WHAT IS NEEDED:
Output word for word the lines from the one with "Báo giá VnExpress" to the final line of the data, both ends included, but skip the pictures.

EXTRACTED RECORDS Block Start

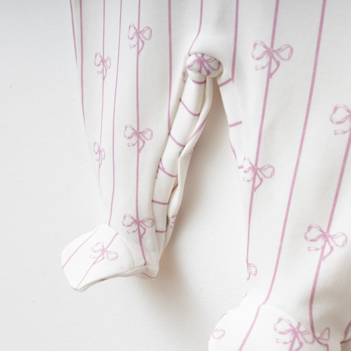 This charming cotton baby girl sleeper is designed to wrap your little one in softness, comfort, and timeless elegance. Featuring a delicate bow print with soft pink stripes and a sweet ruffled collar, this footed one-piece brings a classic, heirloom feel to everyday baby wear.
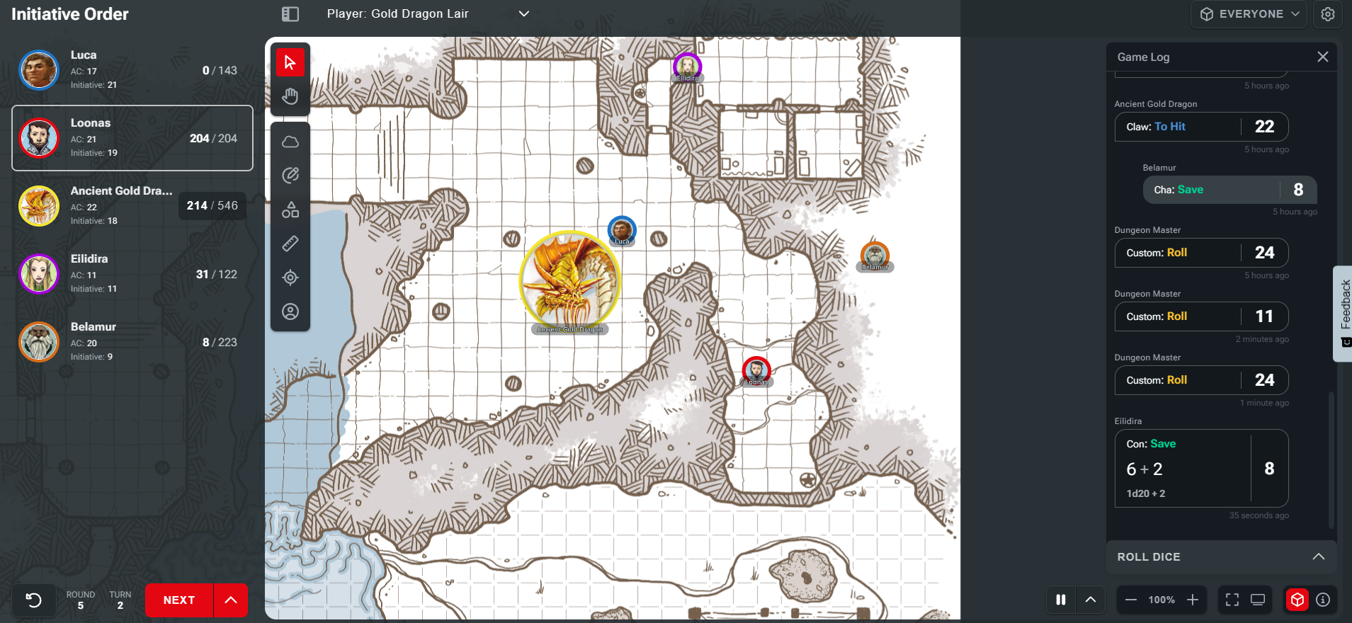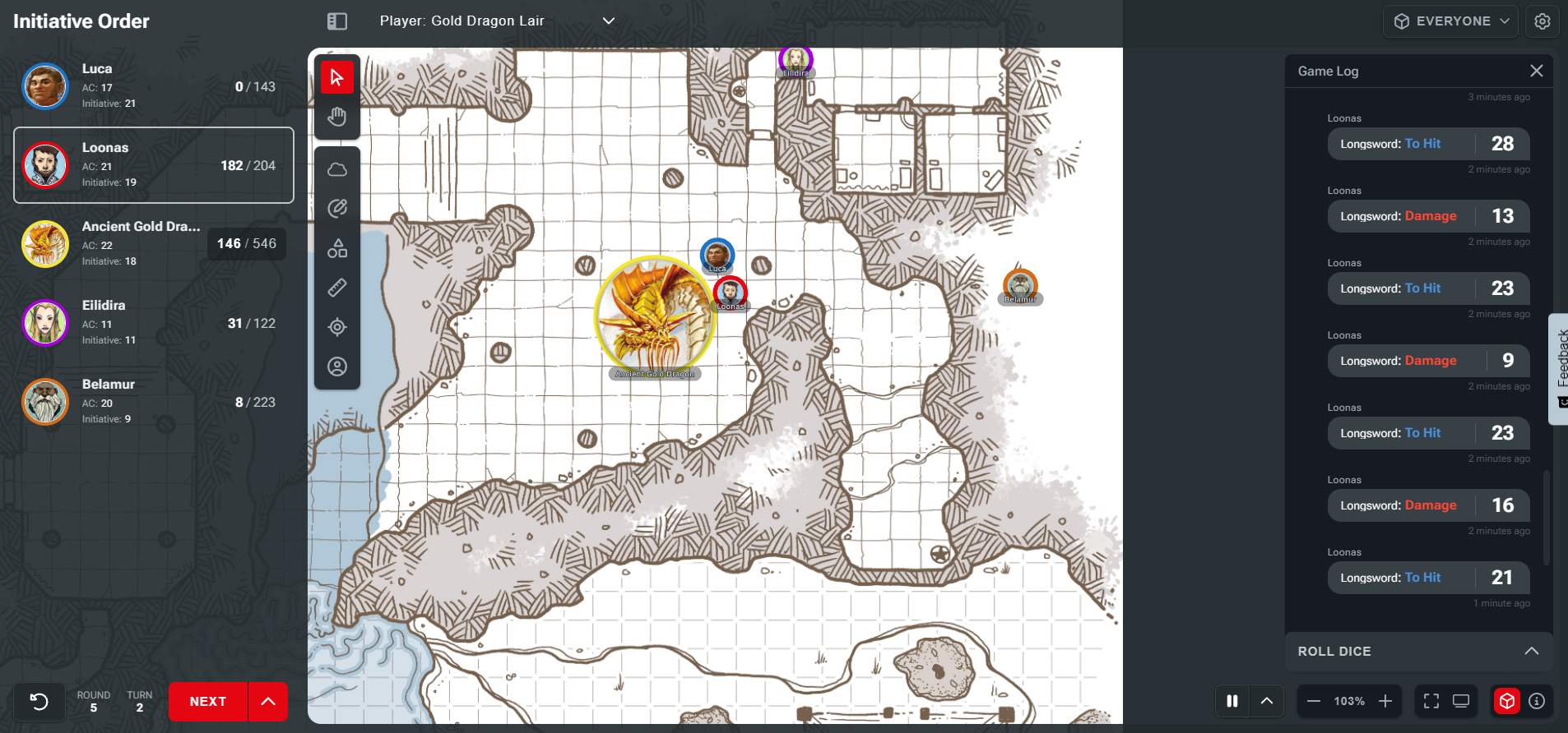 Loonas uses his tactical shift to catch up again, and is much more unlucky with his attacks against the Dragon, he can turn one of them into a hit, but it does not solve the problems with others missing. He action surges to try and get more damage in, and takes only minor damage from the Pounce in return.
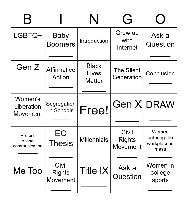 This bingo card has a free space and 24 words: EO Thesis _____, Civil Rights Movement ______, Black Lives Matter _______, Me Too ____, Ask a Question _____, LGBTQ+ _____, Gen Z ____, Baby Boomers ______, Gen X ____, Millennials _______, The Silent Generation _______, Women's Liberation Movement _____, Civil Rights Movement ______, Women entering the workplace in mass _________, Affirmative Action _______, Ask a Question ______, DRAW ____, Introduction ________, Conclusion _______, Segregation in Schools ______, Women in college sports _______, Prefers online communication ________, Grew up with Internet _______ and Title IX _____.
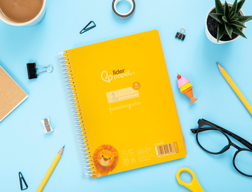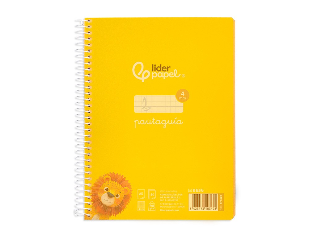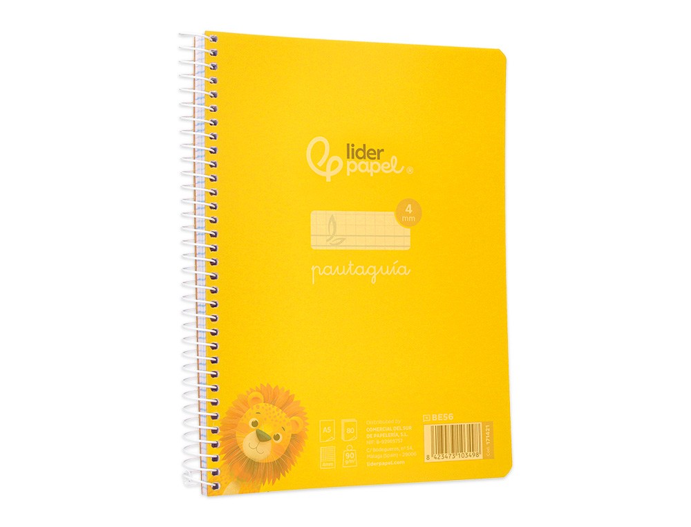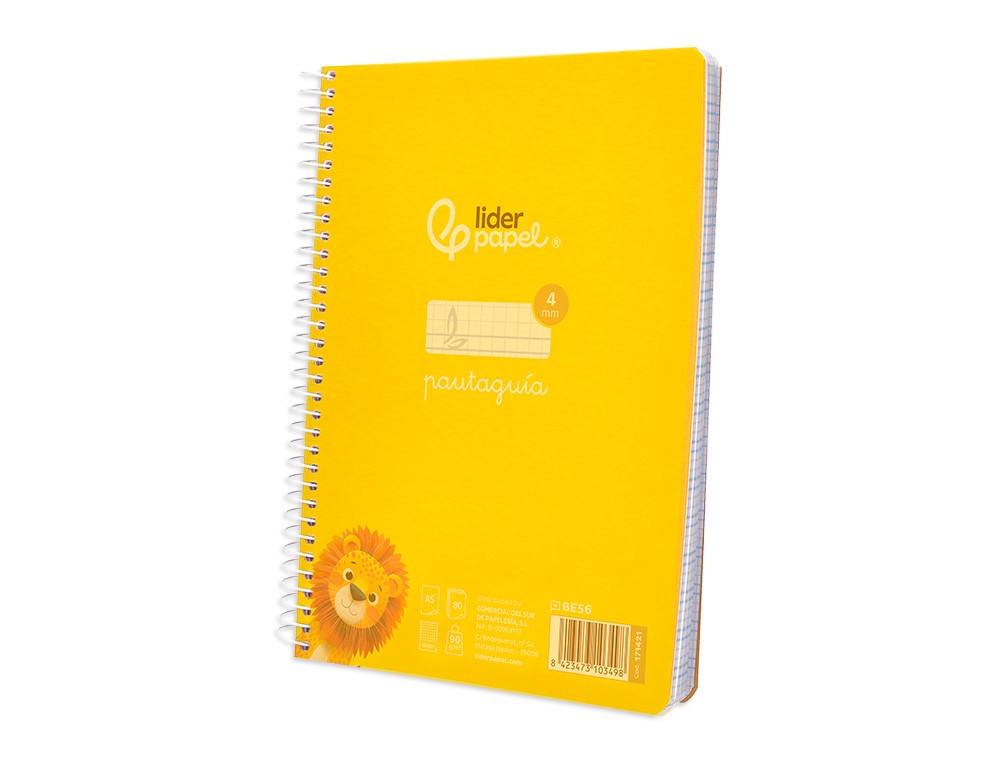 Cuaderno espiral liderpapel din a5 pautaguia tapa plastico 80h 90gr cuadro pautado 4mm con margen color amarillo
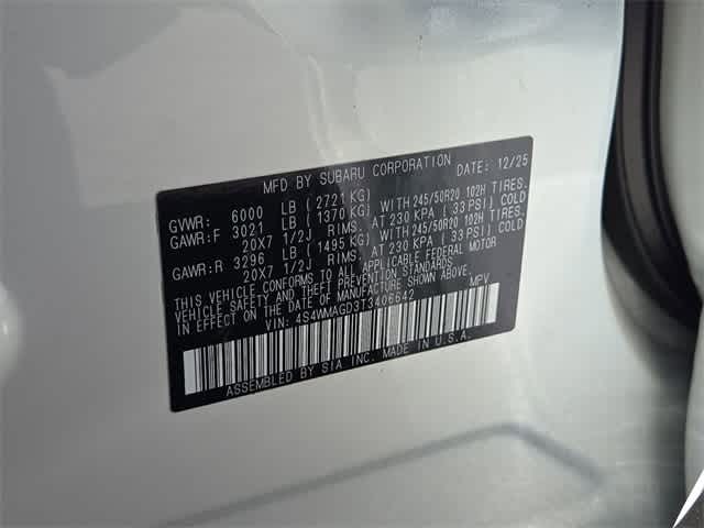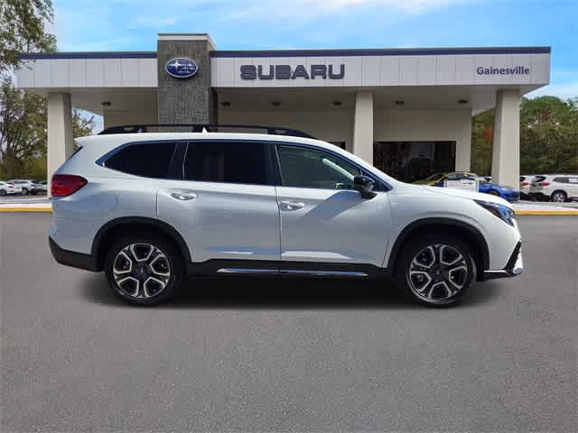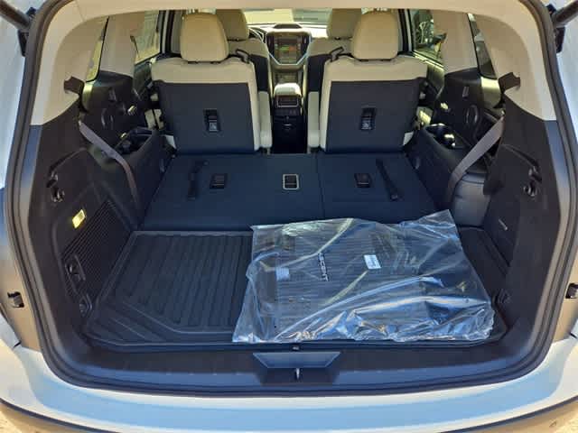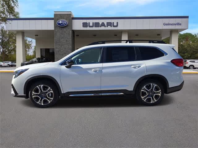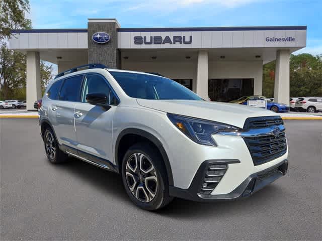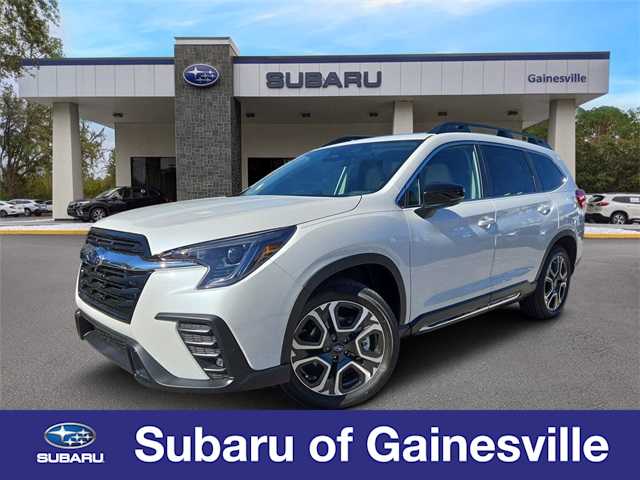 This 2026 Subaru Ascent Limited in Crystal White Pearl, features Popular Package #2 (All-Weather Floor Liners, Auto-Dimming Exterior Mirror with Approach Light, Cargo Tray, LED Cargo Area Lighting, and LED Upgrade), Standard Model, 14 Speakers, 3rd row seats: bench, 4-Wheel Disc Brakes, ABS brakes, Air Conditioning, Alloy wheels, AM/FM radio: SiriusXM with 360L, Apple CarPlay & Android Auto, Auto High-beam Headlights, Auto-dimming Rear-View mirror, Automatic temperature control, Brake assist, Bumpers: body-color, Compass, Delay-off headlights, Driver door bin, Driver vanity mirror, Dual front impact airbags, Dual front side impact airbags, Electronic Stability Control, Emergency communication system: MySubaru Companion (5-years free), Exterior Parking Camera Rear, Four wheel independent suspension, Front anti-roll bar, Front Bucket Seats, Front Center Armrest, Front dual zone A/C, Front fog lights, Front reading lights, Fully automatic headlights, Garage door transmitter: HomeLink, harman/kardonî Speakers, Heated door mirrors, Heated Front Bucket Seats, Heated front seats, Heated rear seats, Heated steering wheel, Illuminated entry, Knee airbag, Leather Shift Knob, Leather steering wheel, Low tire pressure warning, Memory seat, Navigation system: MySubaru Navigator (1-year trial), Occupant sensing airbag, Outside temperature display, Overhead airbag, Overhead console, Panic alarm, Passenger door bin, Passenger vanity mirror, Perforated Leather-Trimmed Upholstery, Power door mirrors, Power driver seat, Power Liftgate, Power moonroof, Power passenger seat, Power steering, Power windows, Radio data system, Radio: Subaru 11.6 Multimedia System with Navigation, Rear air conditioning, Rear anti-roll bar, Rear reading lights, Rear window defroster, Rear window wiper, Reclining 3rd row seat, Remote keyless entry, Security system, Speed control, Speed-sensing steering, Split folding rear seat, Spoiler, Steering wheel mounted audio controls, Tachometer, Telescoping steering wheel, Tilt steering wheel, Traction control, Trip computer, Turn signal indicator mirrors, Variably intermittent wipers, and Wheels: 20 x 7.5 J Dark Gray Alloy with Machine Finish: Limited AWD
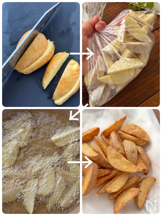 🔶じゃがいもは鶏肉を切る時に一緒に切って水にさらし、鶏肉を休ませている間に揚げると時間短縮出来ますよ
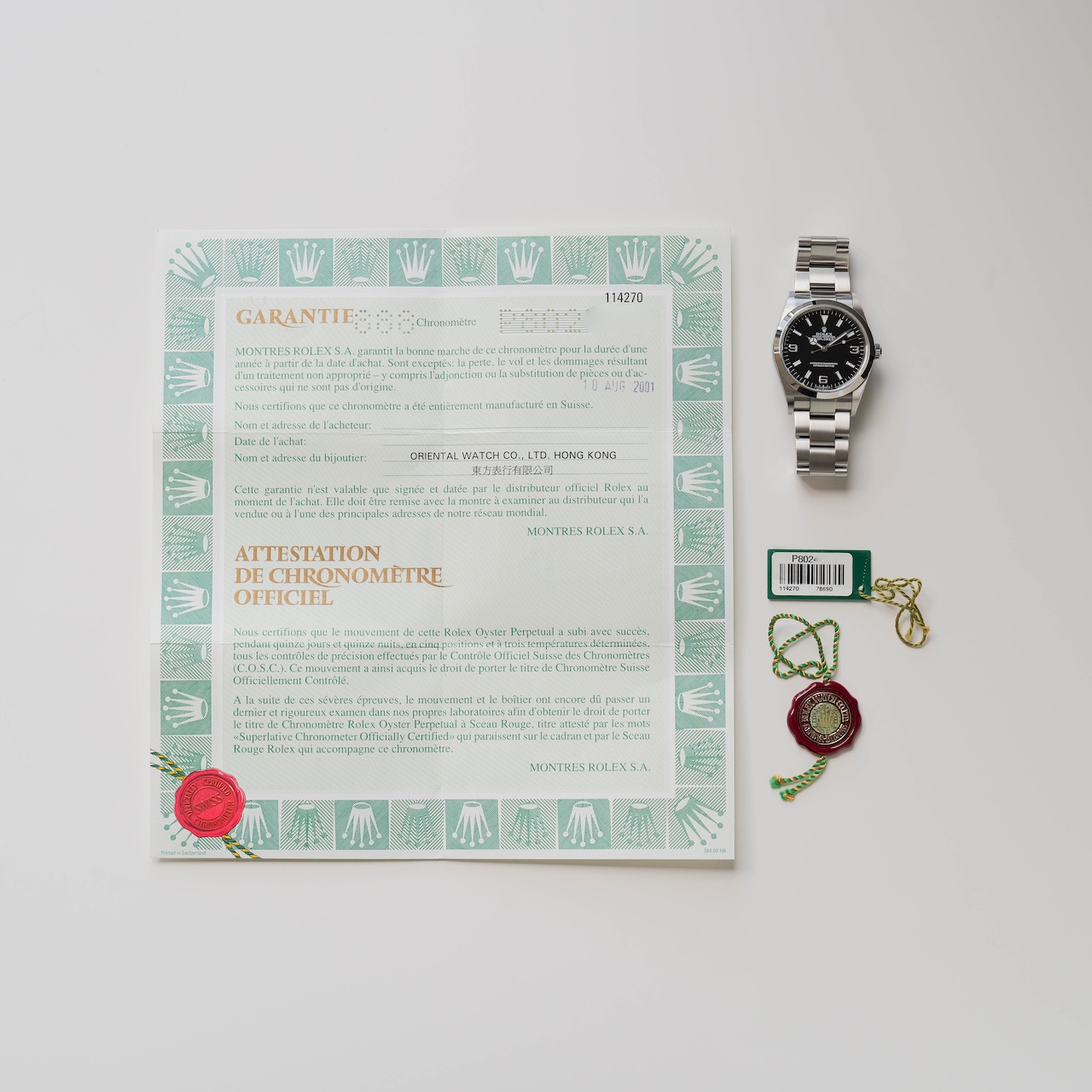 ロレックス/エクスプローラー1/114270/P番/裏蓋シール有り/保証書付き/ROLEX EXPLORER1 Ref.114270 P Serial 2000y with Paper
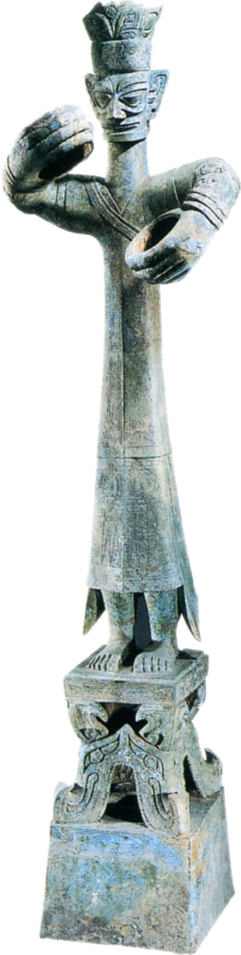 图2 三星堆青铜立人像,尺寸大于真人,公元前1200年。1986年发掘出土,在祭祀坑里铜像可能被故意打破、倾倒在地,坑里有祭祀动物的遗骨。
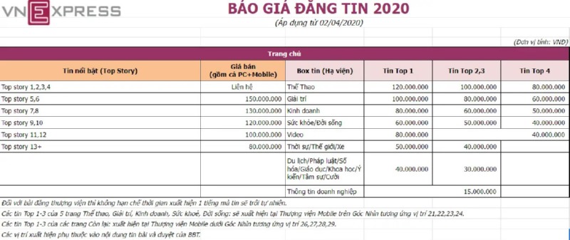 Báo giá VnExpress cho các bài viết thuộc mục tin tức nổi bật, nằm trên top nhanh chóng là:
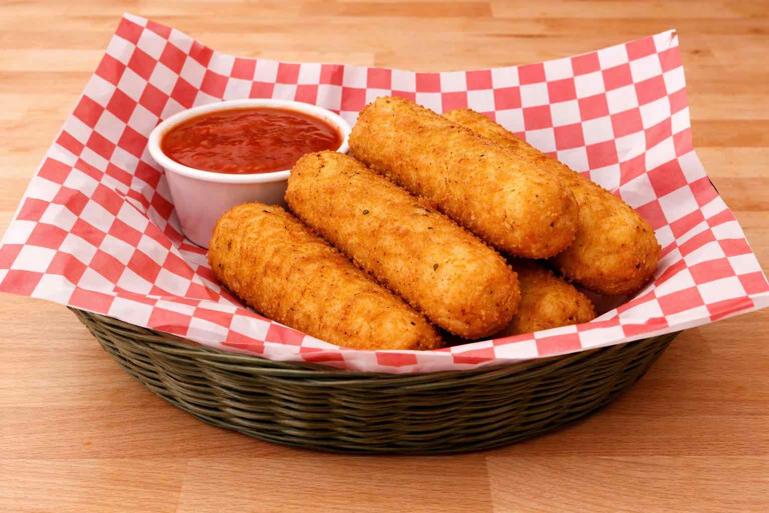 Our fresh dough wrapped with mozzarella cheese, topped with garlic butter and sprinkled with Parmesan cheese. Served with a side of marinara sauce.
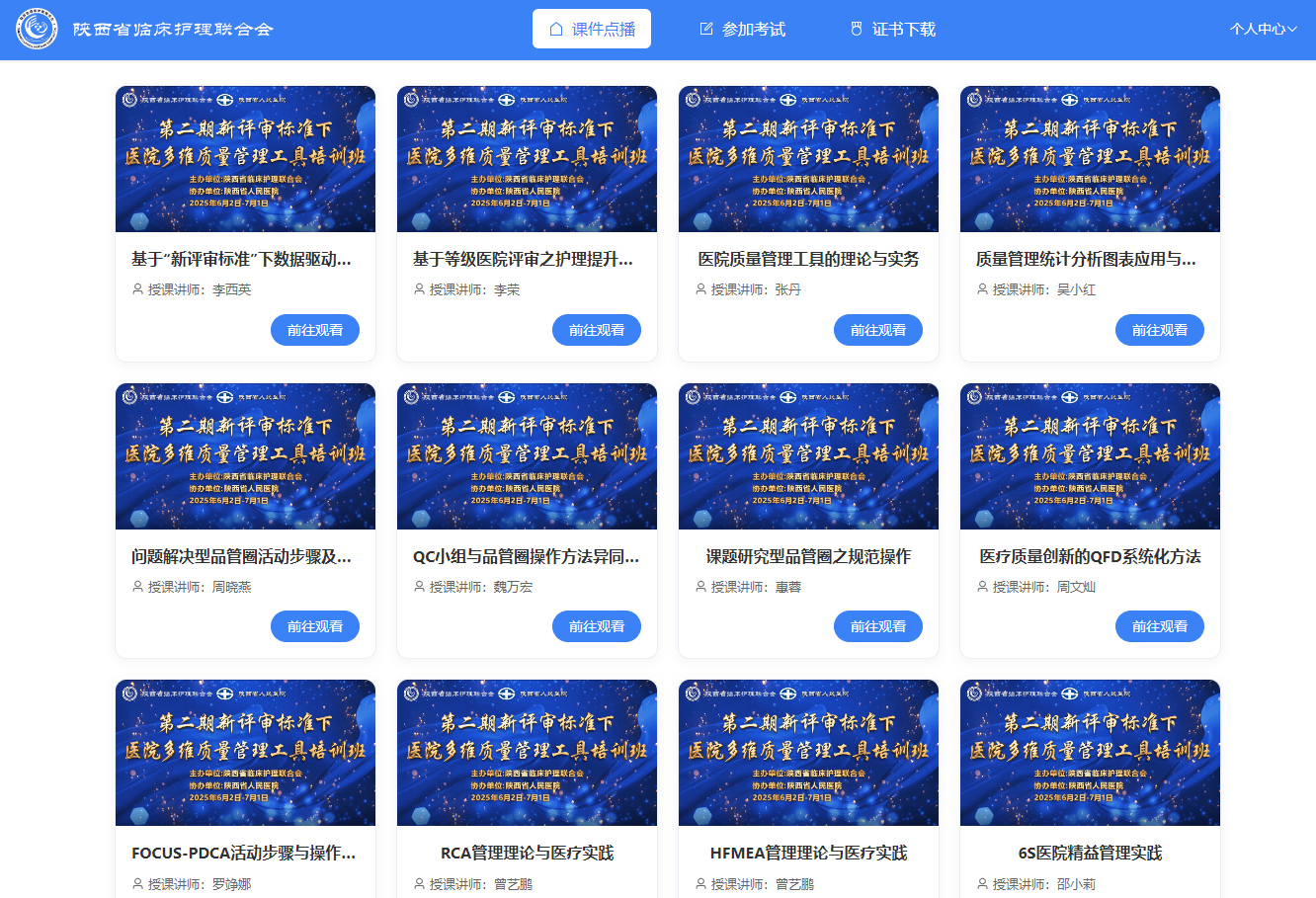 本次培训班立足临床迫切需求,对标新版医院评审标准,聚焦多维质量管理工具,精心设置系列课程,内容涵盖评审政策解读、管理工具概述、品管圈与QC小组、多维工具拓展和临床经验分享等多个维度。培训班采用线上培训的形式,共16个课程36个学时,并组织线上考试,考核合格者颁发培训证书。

EXTRACTED RECORDS Block End

ANSWER BELOW:
 Báo giá VnExpress cho các bài viết thuộc mục tin tức nổi bật, nằm trên top nhanh chóng là:
 Our fresh dough wrapped with mozzarella cheese, topped with garlic butter and sprinkled with Parmesan cheese. Served with a side of marinara sauce.
 本次培训班立足临床迫切需求,对标新版医院评审标准,聚焦多维质量管理工具,精心设置系列课程,内容涵盖评审政策解读、管理工具概述、品管圈与QC小组、多维工具拓展和临床经验分享等多个维度。培训班采用线上培训的形式,共16个课程36个学时,并组织线上考试,考核合格者颁发培训证书。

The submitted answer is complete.